Trivially, even if that were true, it would only be true if you had a limited number of triggerfish. It should be obvious to anyone that a network of these things covering a given area would not be significantly harder to build than a network of cell towers covering the same area.

> But when anyone with $5k worth of equipment
> can *be* your cellular provider, you can
> probably count your own government spying
> on you among the least of your worries.

For that matter, listening in on cellphone conversations is generally even easier than pinpointing the location of a particular phone.

And yes, the government is obviously not the only organization that could ever make use (or misuse) of this kind of technology.

> A better question is does the phone also
> send GPS information even when disabled

That doesn't actually matter. It's possible to triangulate your location based on the latency between you and various cell towers (or triggerfish), in much the same way that a GPS receiver determines your location based on the latency from various satellites. So if your phone does transmit GPS information, I don't think that gives anyone (well, anyone with cell towers or triggerfish) any information that they can't get pretty easily anyway. It's redundant, in other words, and changes nothing.

> The ability of the first generation Iphone to
> triangulate your position is based on your
> proximity to various cell phone towers.

Which is also how somebody on the other side of things (running cell towers or triggerfish) would do it as well.

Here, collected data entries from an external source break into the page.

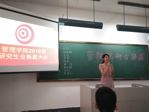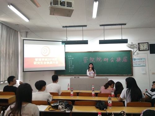 9月12日下午1点,管理学院研究生会于教西102教室召开新一届主席团换届选举大会。出席本次会议的嘉宾有研究生辅导员华奕曦老师、2017届管理学院研究生会主席赵海超同学、副主席梅馨心同学、2018届管理学院学生会主席张星星同学、研究生会各部门部长以及各年级学生代表。本次换届大会由2018级MPAcc专业王鑫同学主持。
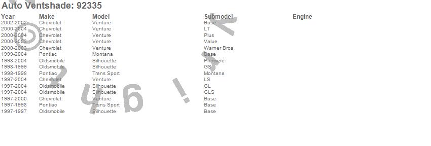 Below is an abbreviated list of applications for the Ventvisor Deflector 2 pc..
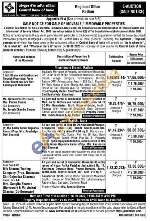 All part and parcel of Shop No 99, New Mandi Prangan. Arniyapitha Krishi Upaj Mandi Samiti, Jaora, Dis trict-Ratlam (M.P.) Area-115.90 sq.ft. Boundaries North: Plot No. 100, South Plot No. 98, East: Open Land of Mandi Samiti, West: Plot No. 61 Property Owner-Krishi Upaj Mandi Samiti, Jaora allotted to Mis Kartik Kumar Gajendra Kumar (Prop. Mrs. Kaushalya Devi Sharma)
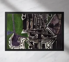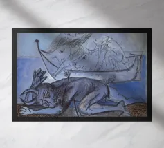 Questa litografia di Marc Chagall illustra una scena biblica, probabilmente raffigurante il re Davide che fugge da una finestra mentre la moglie Michal fa la guardia. Eseguita nella caratteristica tavolozza blu, grigia e bianca di Chagall, cattura un momento di dramma, lealtà e passione. Le figure sognanti e fluttuanti e la semplice ambientazione architettonica trasmettono una narrazione emotiva e senza tempo.
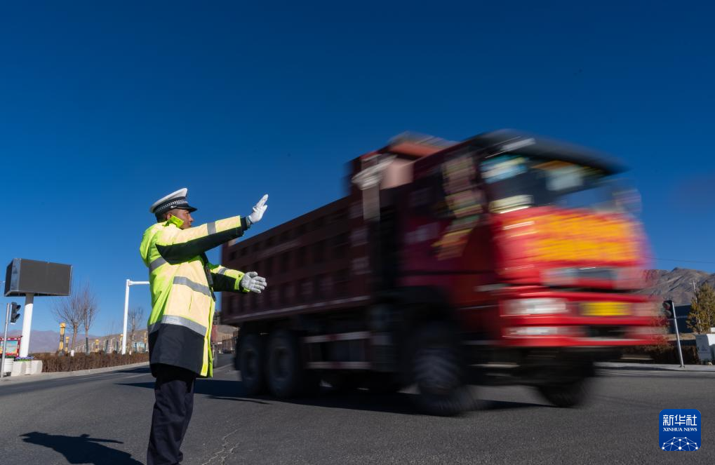 1月10日,在日喀则市区,交警加措在指挥交通,让完成救灾物资运输任务的救援车辆顺利出城。
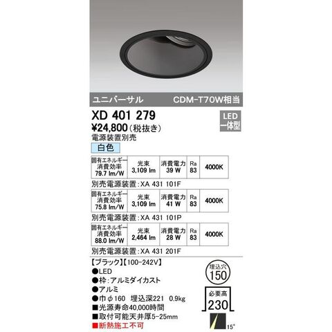 オーデリック ODELIC XD401279 LEDダウンライト XD401279LEDユニバーサルダウンライト
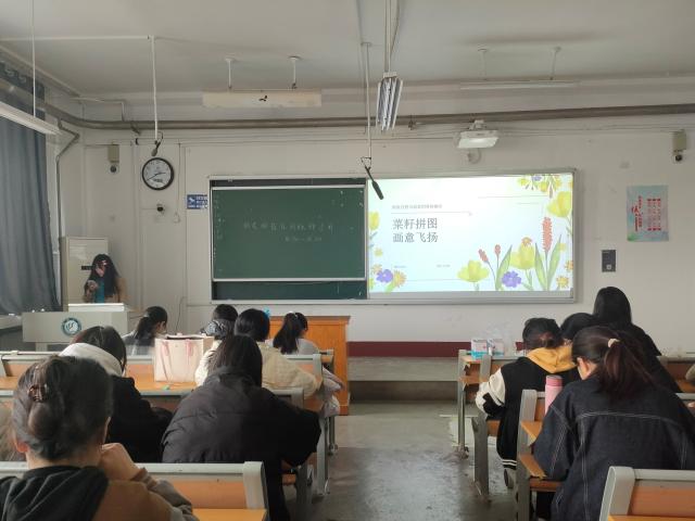 同学们围绕植物主题,充分发挥想象力,先用铅笔在卡纸上勾勒草图,每一笔每一划都展现对完美作品的追求。随后,同学们仔细地将胶水在草图上涂抹均匀,同学们沿着图案耐心排列、按压种子,小种子塑造细节,大种子填充色块、勾勒主体,种子经过同学们的一番操作,错落有致地组成不同姿态的植物图案,每一处都彰显着他们的细心。在规定时间内完成作品后,同学们按抽签顺序上台介绍自己的创作思路与灵感来源,评委对其进行评价和打分。
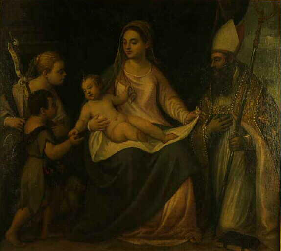Vierge à l'enfant avec trois saints : Ste Cécile, St Jean Baptiste et un évêque

> Sometimes, in a highly populated area...
> your Iphone is accurate to the city block.

Going the other way, the accuracy would be terrible around here because you're lucky to be within range of *one* cell tower. But if an attacker wants to improve that accuracy, all he's gotta do is introduce a couple of extra points of reference (cell towers, or triggerfish). And if they can move around (triggerfish in unmarked vans, anyone?), your phone's location can probably be pinpointed to within a few inches. My advice (if you're trying to avoid being located by people who might have this sort of technology) would be, don't carry a cellphone.

Kristian SolbergNovember 29, 2008 1:52 AM

To explain how this works in simple terms:
If you set up a "pirate" BSC (Base Station Controller) any mobile (2G) phone will handshake with the BSC (mandatory part of 2G). The encrypted relationship is only between the mobile device and the BTS, therefore data is in plain text beyond the BTS. Often, this data is sent across microwave links between the BTS and the BSC. Keys and authentication data are not protected either within or between networks

So, if I do the above I will know:

The IMSI and EMEI of the phone, and it's physical location (within my cell). Triggerfish is not used to monitor callsl (as my pirate BSC has no connection to any network) but purely to catch whoever I'm after by making sure I know when they (or rather their mobile phone) enters the physical area covered by my BSC.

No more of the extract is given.